The Well-Educated Teacher Project focuses on strengthening pre-service and in-service education to prepare teachers who can promote democracy and equity for all students and create and implement curriculum that advances democracy and equity. This session should particularly benefit conference attendees involved in K-12 teaching and teacher education. The presenters are a tripartite team representing K-12 schools, arts and sciences faculty, and teacher education faculty who are collaborating to promote the simultaneous renewal of K-12 teaching and teacher education.

Sally Botzler is Chair and Graduate Program Coordinator for the Department of Education at Humboldt State University. She serves also as the Chair of the California Coalition for Educational Renewal and is Vice President for ATE (Association of Teacher Educators) of the California Council on Teacher Education.

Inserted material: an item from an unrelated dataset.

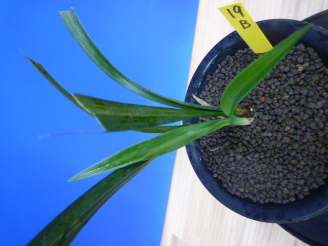 雫は、高知県産の花弁の厚い青チャボで、舌は大きく無点系です。大きな舌は堅く巻きにくく、花軸の伸び・花数も良好です。無点系ですが舌点は環境や状態によって出ることもありますが、大変良いチャボ花を咲かせてくれます。舌が大きく花形が良いチャボ花は、存在感があります。
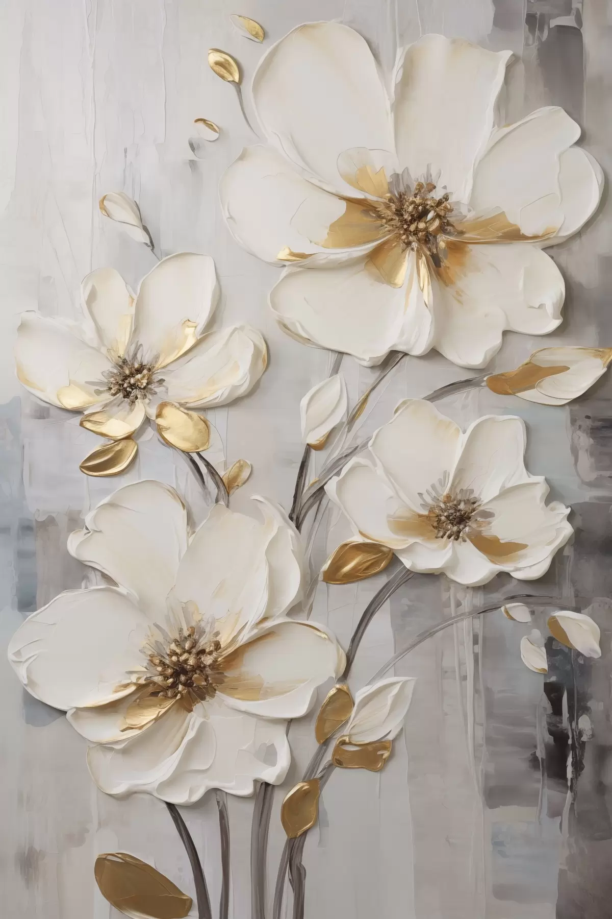 Poster Weiße Blumen mit gelben Akzenten auf einem strukturierten Hintergrund Nr f48721

Jennifer Eichstedt is an Associate Professor in the Department of Sociology at Humboldt State University. She recently received a 2000-2001 National Endowment for Humanities Fellowship, conducted research and wrote a book on Representations of Slavery and Whiteness: Racialized Ideologies in Plantation Museums of New South. She is an active member of the American Sociology Association and of the Pacific Sociological Association.

Lisa Quigley is a fourth-grade teacher at Jefferson Elementary School in Eureka, California. She has actively participated and provided leadership in the Redwood Area Writing Project and the Redwood Area Math Project. She utilizes Mediated Learning and Socratic Dialogue models in her classroom.